** Provided material **
-- Opening Marker --

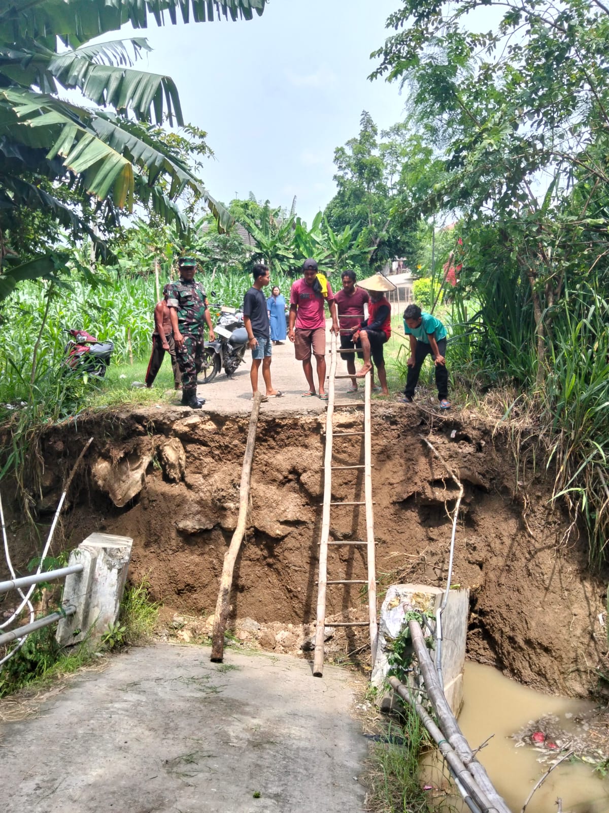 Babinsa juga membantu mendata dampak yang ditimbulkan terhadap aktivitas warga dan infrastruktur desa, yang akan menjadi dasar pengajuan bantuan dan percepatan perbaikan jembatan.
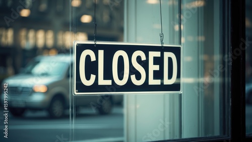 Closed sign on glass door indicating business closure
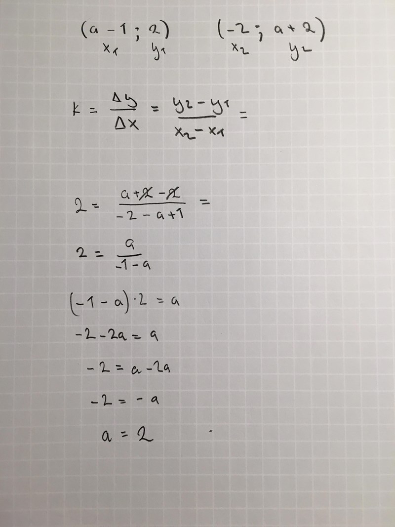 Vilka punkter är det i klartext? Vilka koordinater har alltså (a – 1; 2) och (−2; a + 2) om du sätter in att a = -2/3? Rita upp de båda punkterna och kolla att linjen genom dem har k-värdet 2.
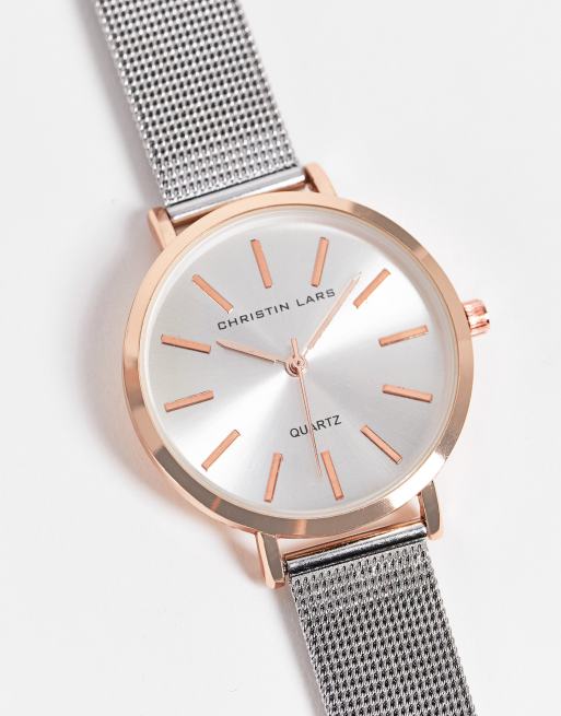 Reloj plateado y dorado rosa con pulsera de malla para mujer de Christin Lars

-- Closing Marker --
-- Opening Marker --

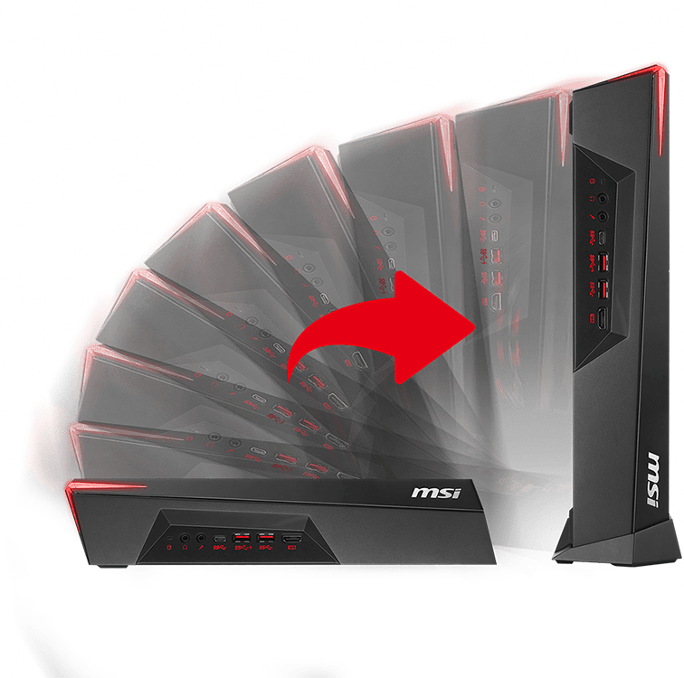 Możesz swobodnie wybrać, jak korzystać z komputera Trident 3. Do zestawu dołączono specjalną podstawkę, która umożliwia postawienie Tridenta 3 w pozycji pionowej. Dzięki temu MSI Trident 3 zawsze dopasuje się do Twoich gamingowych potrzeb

-- Closing Marker --

** Activity **
Give again the stretch of the entries above that begins at the line with "Babinsa juga membantu" and ends at the line with "Reloj plateado y", word for word, with no pictures.

** Exercise response **
 Babinsa juga membantu mendata dampak yang ditimbulkan terhadap aktivitas warga dan infrastruktur desa, yang akan menjadi dasar pengajuan bantuan dan percepatan perbaikan jembatan.
 Closed sign on glass door indicating business closure
 Vilka punkter är det i klartext? Vilka koordinater har alltså (a – 1; 2) och (−2; a + 2) om du sätter in att a = -2/3? Rita upp de båda punkterna och kolla att linjen genom dem har k-värdet 2.
 Reloj plateado y dorado rosa con pulsera de malla para mujer de Christin Lars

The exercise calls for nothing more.